__Task instructions__. In the copy, every line of the material that follows must appear exactly, and no pictures should.

__Given information__.
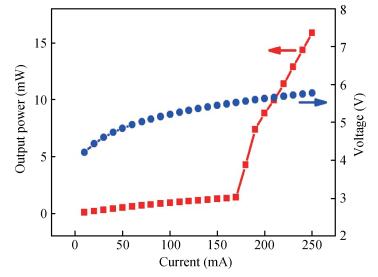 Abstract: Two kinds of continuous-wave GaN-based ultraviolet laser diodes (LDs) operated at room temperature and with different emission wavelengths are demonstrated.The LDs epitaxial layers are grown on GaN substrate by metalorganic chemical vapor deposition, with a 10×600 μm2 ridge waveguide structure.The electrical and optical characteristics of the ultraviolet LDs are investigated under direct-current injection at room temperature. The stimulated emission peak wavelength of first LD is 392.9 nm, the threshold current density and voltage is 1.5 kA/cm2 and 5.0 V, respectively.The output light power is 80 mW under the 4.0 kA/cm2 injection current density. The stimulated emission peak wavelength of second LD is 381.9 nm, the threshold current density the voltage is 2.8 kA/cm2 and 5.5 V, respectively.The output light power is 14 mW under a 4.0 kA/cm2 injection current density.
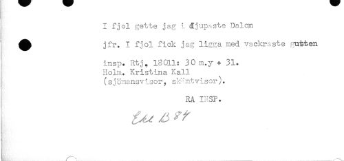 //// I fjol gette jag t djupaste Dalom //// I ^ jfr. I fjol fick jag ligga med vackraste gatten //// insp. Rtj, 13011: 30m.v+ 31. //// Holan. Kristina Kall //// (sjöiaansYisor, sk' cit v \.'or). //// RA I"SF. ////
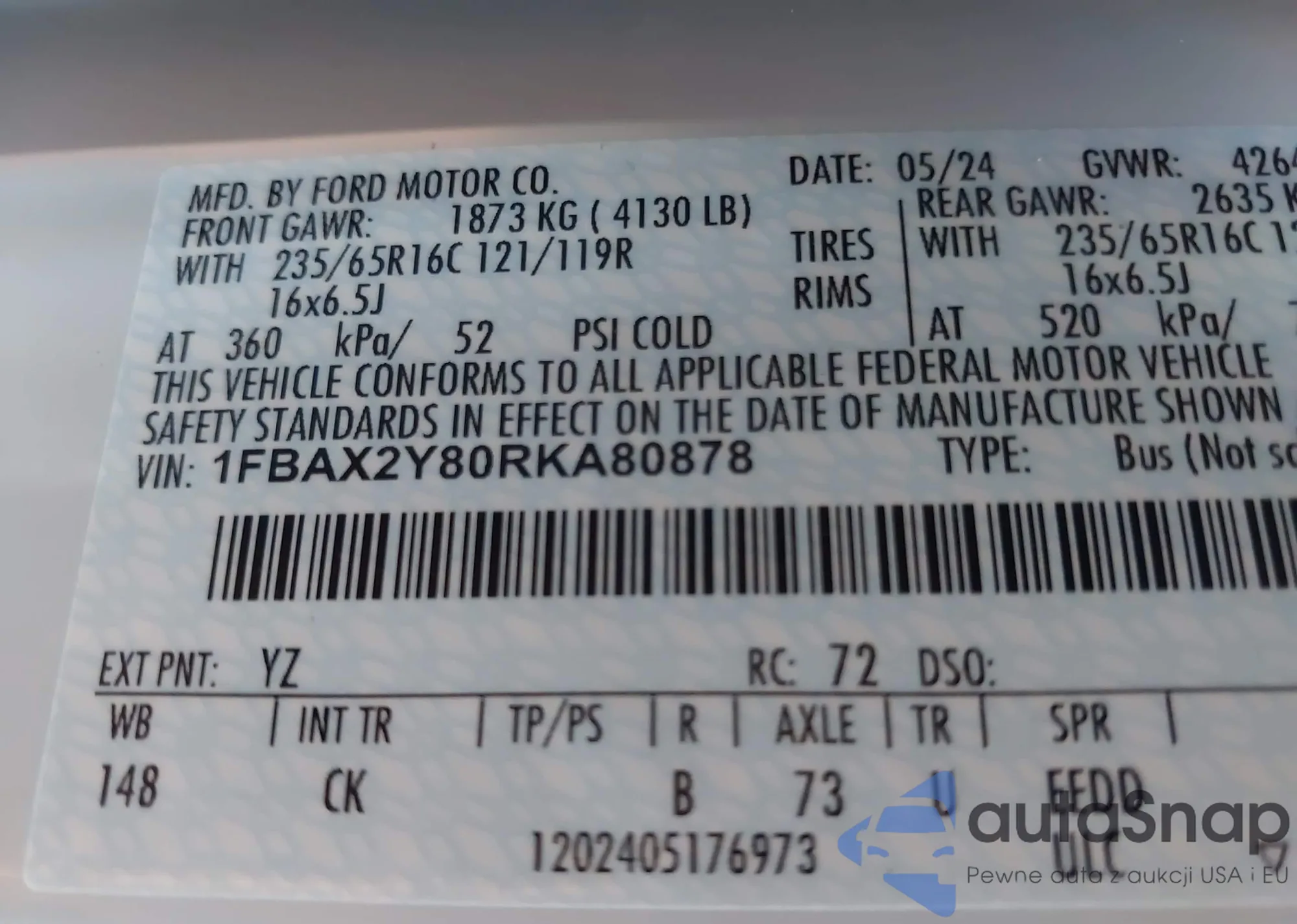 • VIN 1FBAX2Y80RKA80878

__Response for this exercise__.
 Abstract: Two kinds of continuous-wave GaN-based ultraviolet laser diodes (LDs) operated at room temperature and with different emission wavelengths are demonstrated.The LDs epitaxial layers are grown on GaN substrate by metalorganic chemical vapor deposition, with a 10×600 μm2 ridge waveguide structure.The electrical and optical characteristics of the ultraviolet LDs are investigated under direct-current injection at room temperature. The stimulated emission peak wavelength of first LD is 392.9 nm, the threshold current density and voltage is 1.5 kA/cm2 and 5.0 V, respectively.The output light power is 80 mW under the 4.0 kA/cm2 injection current density. The stimulated emission peak wavelength of second LD is 381.9 nm, the threshold current density the voltage is 2.8 kA/cm2 and 5.5 V, respectively.The output light power is 14 mW under a 4.0 kA/cm2 injection current density.
 //// I fjol gette jag t djupaste Dalom //// I ^ jfr. I fjol fick jag ligga med vackraste gatten //// insp. Rtj, 13011: 30m.v+ 31. //// Holan. Kristina Kall //// (sjöiaansYisor, sk' cit v \.'or). //// RA I"SF. ////
 • VIN 1FBAX2Y80RKA80878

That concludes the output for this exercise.